-- GIVEN INFORMATION --
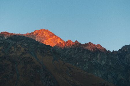 Amazing view of Kazbek mount on a sunrise panoramic view
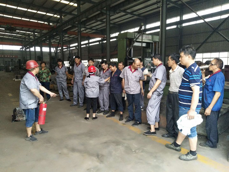 4、安全負(fù)責(zé)人和車(chē)間領(lǐng)導(dǎo)一同為大家展示發(fā)生火災(zāi)時(shí)滅火器演示
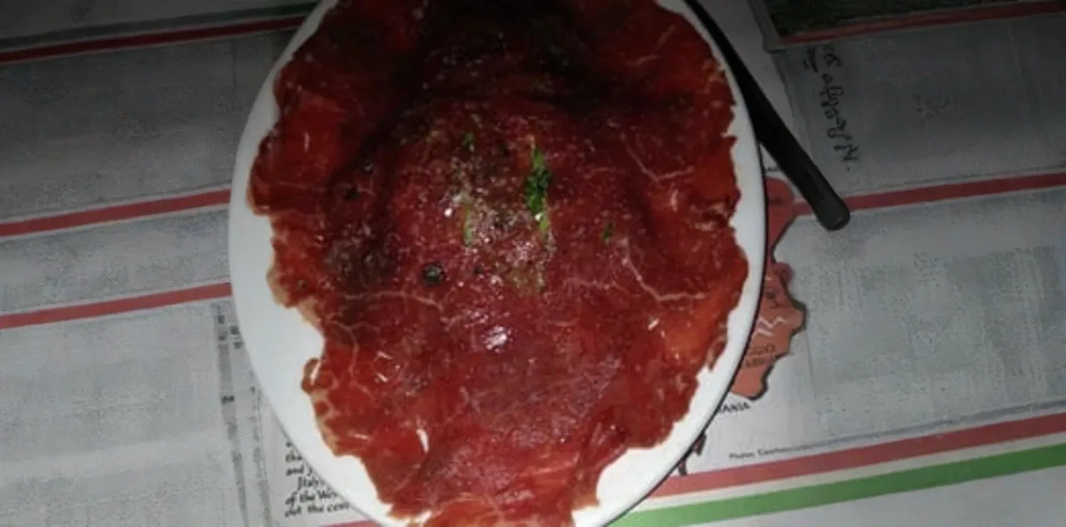 Exquisitely thin slices of raw, high-quality beef tenderloin, artfully arranged and typically dressed with a delicate drizzle of extra virgin olive oil, capers, fresh arugula, and generous shavings of Parmigiano Reggiano. This delicate Italian appetizer is celebrated for its refined flavors and elegant presentation.

-- EXERCISE DESCRIPTION --
Make an exact printout of the listing above, omitting the images.

-- EXERCISE RESPONSE --
 Amazing view of Kazbek mount on a sunrise panoramic view
 4、安全負(fù)責(zé)人和車(chē)間領(lǐng)導(dǎo)一同為大家展示發(fā)生火災(zāi)時(shí)滅火器演示
 Exquisitely thin slices of raw, high-quality beef tenderloin, artfully arranged and typically dressed with a delicate drizzle of extra virgin olive oil, capers, fresh arugula, and generous shavings of Parmigiano Reggiano. This delicate Italian appetizer is celebrated for its refined flavors and elegant presentation.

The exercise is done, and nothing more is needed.